Москва — это точно добрая старая бабушка: она вяжет чулок и беспрестанно кивает головой, поправляя сползающие на нос очки, перевязанные на переносице черной ниточкой.

В комнате пахнет мятой и чистым, свежим бельем, в углу теплится лампадка, под образом висят сухие травы, за божничкой заткнута верба. А у стенки, как раз против постели с периной, стоит пузатый ореховый комод, — предмет мечтаний внуков и правнуков: там среди белья и порыжелых от времени писем лежат разные вкусные вещи, мармелад, монпасье, пряники и леденцы. И всякому-то дает эта добрая старушка Москва сласти, угощение, а нищему сама вынесет дрожащими от старости руками хлеб и подаяние… И я твой внук, милая бабушка Москва, и за меня ты ставишь по субботам свечку! Это не то, что сухой и чопорный Петербург, с гладко выбритым подбородком, с туго накрахмаленными воротничками и с мундиром, застегнутым на все пуговицы. Правда, там окно в Европу, но какою дрянью подчас несет из этого окошка, просто ужас!

Мы входим с Сыром в магазин. За прилавком стоит приказчик. Он худощав, с большой окладистой бородой, но лыс до того, что глазу скользко смотреть.

— Есть у вас белые фуражки? — пытается спросить Сыр, но выходит нечто вроде «Брм, брм, брм, брм, брллммм».

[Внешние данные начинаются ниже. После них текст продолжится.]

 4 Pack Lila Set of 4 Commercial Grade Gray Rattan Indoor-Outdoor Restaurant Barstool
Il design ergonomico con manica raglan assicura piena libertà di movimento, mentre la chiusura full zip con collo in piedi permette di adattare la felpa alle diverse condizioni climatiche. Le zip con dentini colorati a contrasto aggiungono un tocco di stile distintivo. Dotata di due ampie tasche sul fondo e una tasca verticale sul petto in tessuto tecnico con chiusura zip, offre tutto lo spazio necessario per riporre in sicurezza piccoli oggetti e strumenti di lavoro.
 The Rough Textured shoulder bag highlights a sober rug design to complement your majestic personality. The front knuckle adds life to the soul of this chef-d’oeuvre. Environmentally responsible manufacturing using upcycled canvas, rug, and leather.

— Чего изволите-с? — недоумевая вопрошает приказчик.

Сыр начинает сердиться.

— Брм-брм-брм-брллммм?

— Как-с? Вам подтяжки-с?

— Брм-брм-брм-брлммм, — багровеет Сыр. Его глаза вылезают из орбит, он накаляется.

— Кальсоны-с?.. сию секунду-с!

— Да нет, — говорю я. Нам нужны белые фуражки.

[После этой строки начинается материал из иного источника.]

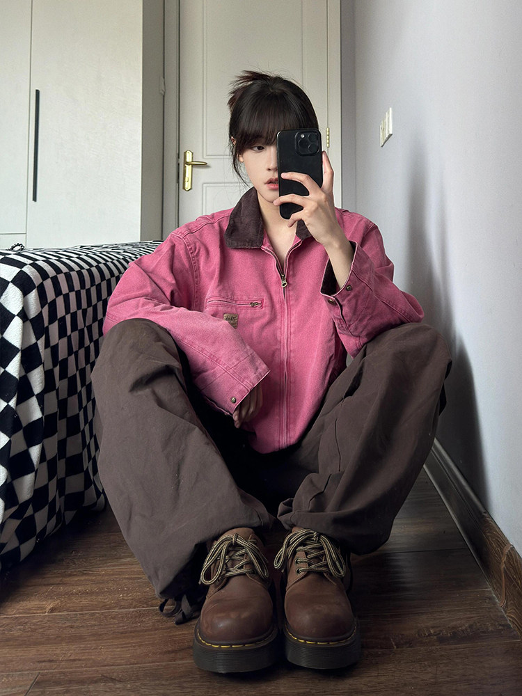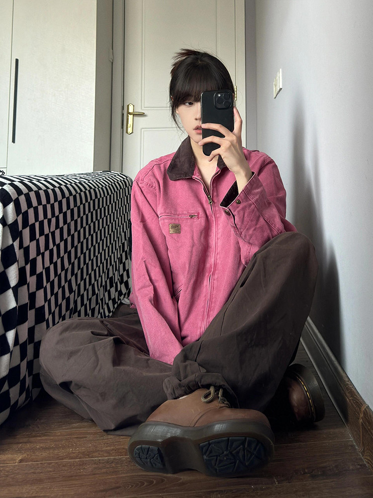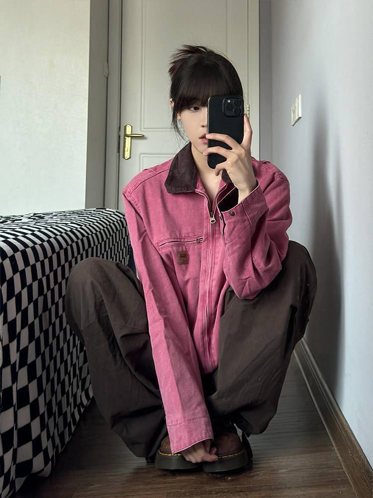 Ретро джинсовая осенняя розовая дизайнерская куртка, большой размер, оверсайз, тренд сезона
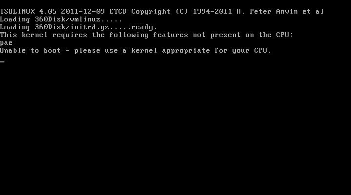 這是由于您的CPU無法被內核支持導致的,360急救盤暫時無法支持PAE模式的CPU,因此PAE模式內核的CPU將無法使用360急救盤引導。
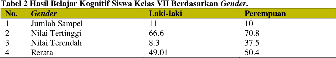 Perbedaan Hasil Belajar Kognitif Siswa Berdasarkan Gender Melalui Penerapan Model Pembelajaran Kooperatif Berbasis Kolaboratif Sainstifik
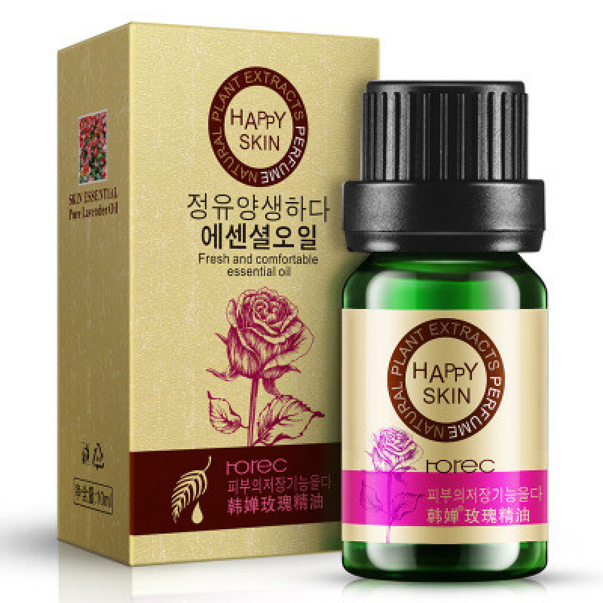 Ефірна олія троянди, завдяки своїм омолоджувальним властивостям, рекомендується використовувати для шкіри, що в“яне та зріла, яка вимагає своєчасної підтяжки та усунення візуальних зморщок. Крім того, ця олія бере участь у регенерувальному процесі клітин, тобто сприяє їх продуктивному омолодженню, унаслідок чого з“являється чіткий овал обличчя, розгладжуються неглибокі мімічні зморшки, зникають вікові плями пігментації, а шкірні покриви стають еластичнішими та пружнішими, поліпшуються колір обличчя. Ефірна олія троянди вважається справжнім порятунком для чутливої шкіри, яка потребує додаткового якісного догляду. Під його безпосереднім впливом спостерігається заспокоєння подразненої шкіри та усунення почервоніння, а всі запальні процеси стають менш вираженими, повертаючи шкірним покривам природний колір.
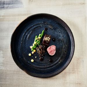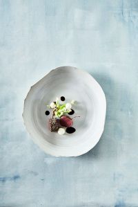Heiko Antoniewicz und Ludwig Maurer werden beide im Verlauf des Buches und meines Textes als HA und LM abgekürzt – das übernehme ich im folgenden auch. Für HA ist es sein 11. erschienenes Buch, unter denen mich sein vegetarisches „Green Glamour“ mit seinen vielfältigen Ideen zur Verwendung bekannter und unbekannter Gemüsesorten sehr beeindruckt hat. Aus jedem Gemüse wird sein eigenes Aroma quasi herausgekitzelt und dabei weitestgehend auf tierische Produkte wie Sahne oder Butter verzichtet, die doch als Fett- und damit auch Geschmacksträger den Koch herausfordern, wenn er sie weglässt. Das erklärt auch, warum manche Vertreter der Gemüseküche wie zum Beispiel Köthe & Ollech aus dem Nürnberger „Essigbrätlein“ in ihren Rezepten fast schon verschwenderisch mit Sahne umgehen, dient es m.E. aber wenig dazu den Eigengeschmack von Gemüse zu heben – das machen subtilere Küchen, wie zum Beispiel die japanische, bei der sich HA auch gerne bedient, besser. Der zweite Autor: Ludwig „Lucki“ Maurer. Er verfasste bereits drei Bücher, die sich mit der ganzheitlichen Verarbeitung des Lebensmittels Fleisch beschäftigen und wurde dafür mehrfach ausgezeichnet. Er arbeitet als Autor und Food Stylist für führende Magazine in der Kulinarikszene. Im „Wilden Wald“ findet sich seine Nose-to-tail-Philosophie in Gerichten wie „Aufbruch“, Reh, Meerrettich (im Buch auf Seite 122/123) wieder, wo ein Rehragout aus Lunge, Herz und Leber serviert wird. Und da kommen wir zu einem Problem des Buches, nämlich das der Konsequenz! Eine konsequente Verschreibung dem Nose-to-tail-Prinzip gegenüber, müsste auch dessen Fortführung in den anderen Rezepten des Buches sein – was es kaum tut. So werden Rehrücken, Hasenrücken, Entenbrüste, Wachtelbrüste, Fasanenbrüste verwendet, also die uns alten bekannten Edelteile. Da hätte LM bei der Auswahl der Fleischcuts gerne mehr „Exotik“ walten lassen können.

Приказчик приносит какие-то железные ошейники, вроде тех, которым душили графа Эгмонда.

Сыр испуган.

— On veut ecraser nos têtes, — говорит он сдавленным голосом.

Но после моих долгих и настоятельных убеждений, доказывающих, что борода вовсе не желает посягнуть на нашу жизнь, он соглашается одеть ошейник на свою голову.

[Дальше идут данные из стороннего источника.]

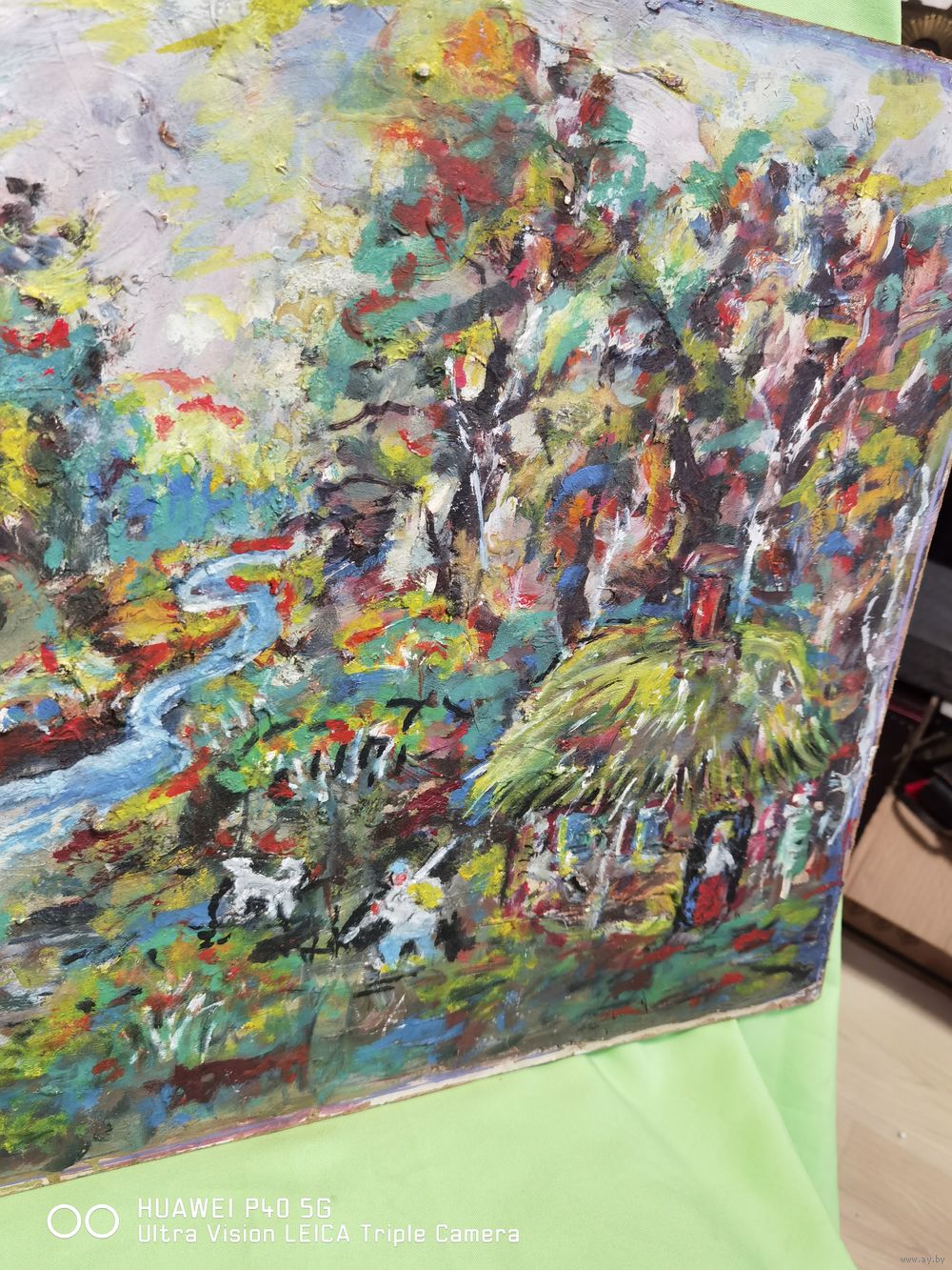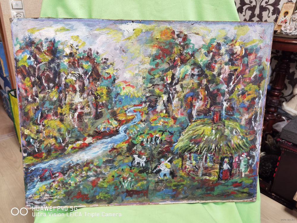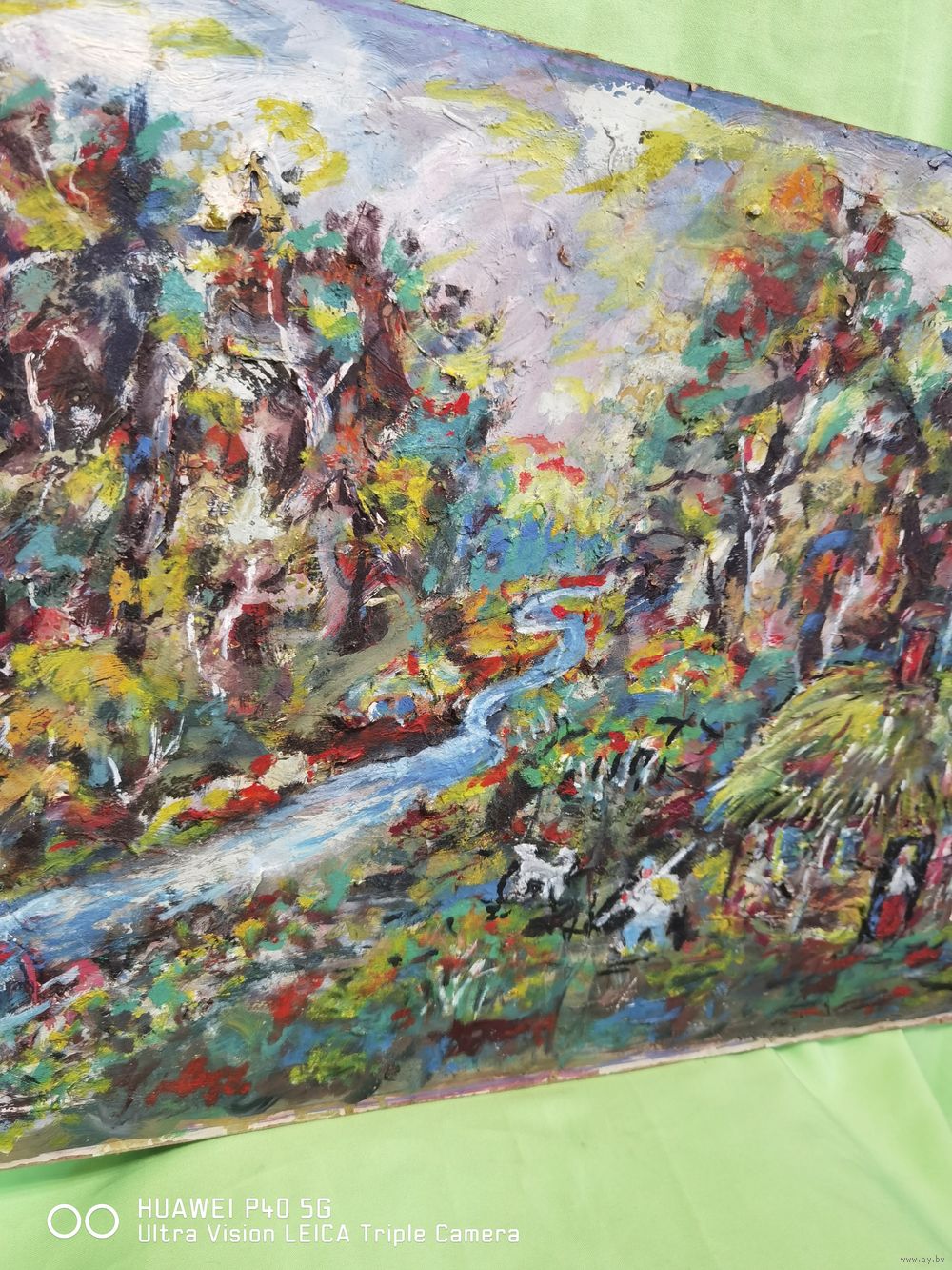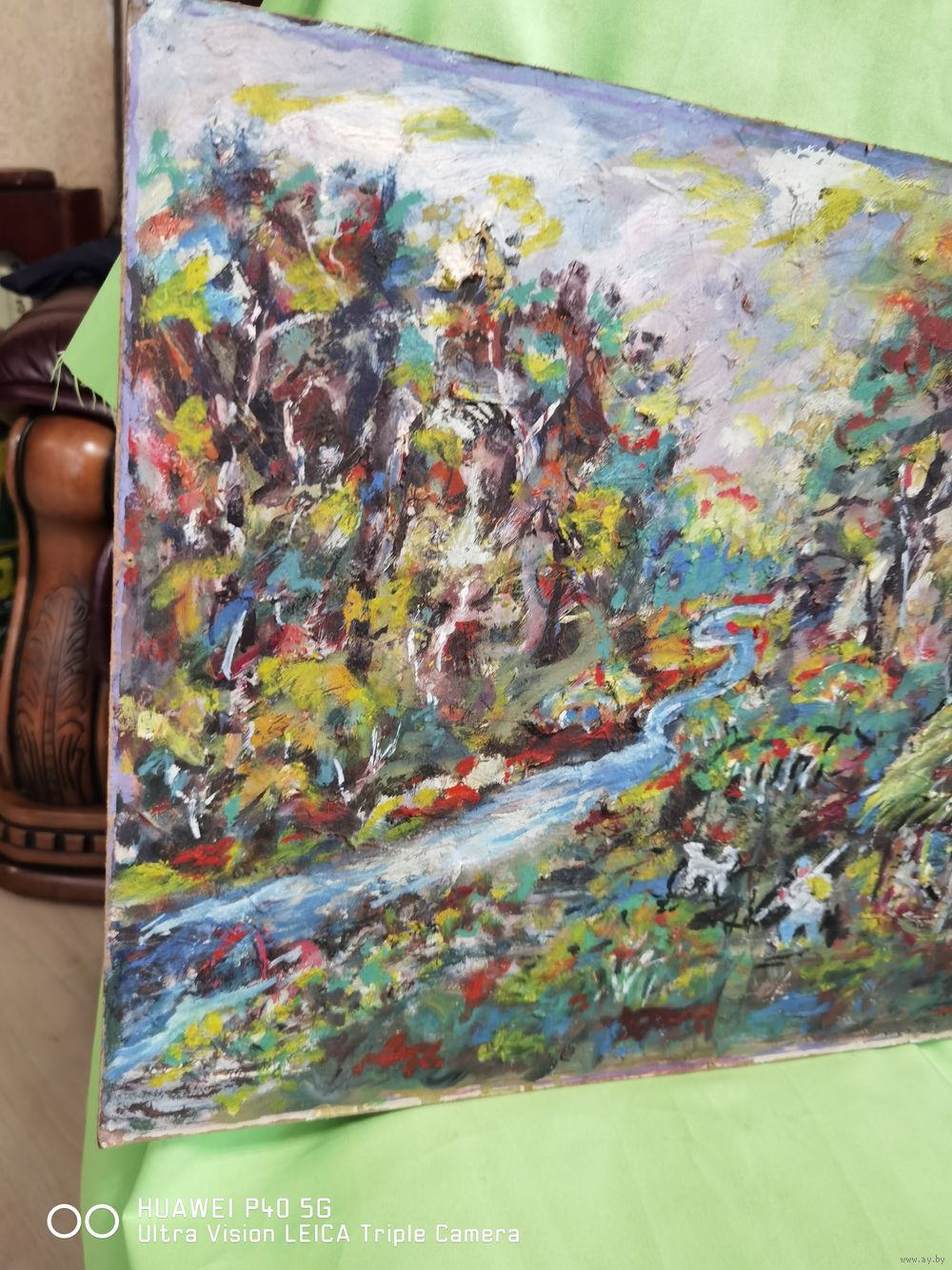 Картина два масло Лесная река художник К. Сайфугалиев 1987 год самая привлекательная цена трёхдневный аукцион

Наконец приносят фуражки. Ошейник, т. е. мерка, оказался не на высоте своего положения; очевидно, приказчик хотел над нами посмеяться, ибо ни одна из фуражек не приходится. Сыр накаляется еще больше.

— Дайте еще фуражек! Неужели у вас нет на мою голову?

Приносят еще порцию фуражек. Сыр хватает одну из них, но они накрывает его до самого живота. Он берет другую, но она сидит у него на затылке, как галка на куполе Успенского собора. Он берет третью, она накрывает его совсем, и он тщетно барахтается, чтобы выбраться из-под нее. Наконец фуражка найдена, мы садимся снова на дребезжащего извозчика и возвращаемся на вокзал как раз вовремя: Генеральный Штаб ждет нас с обедом.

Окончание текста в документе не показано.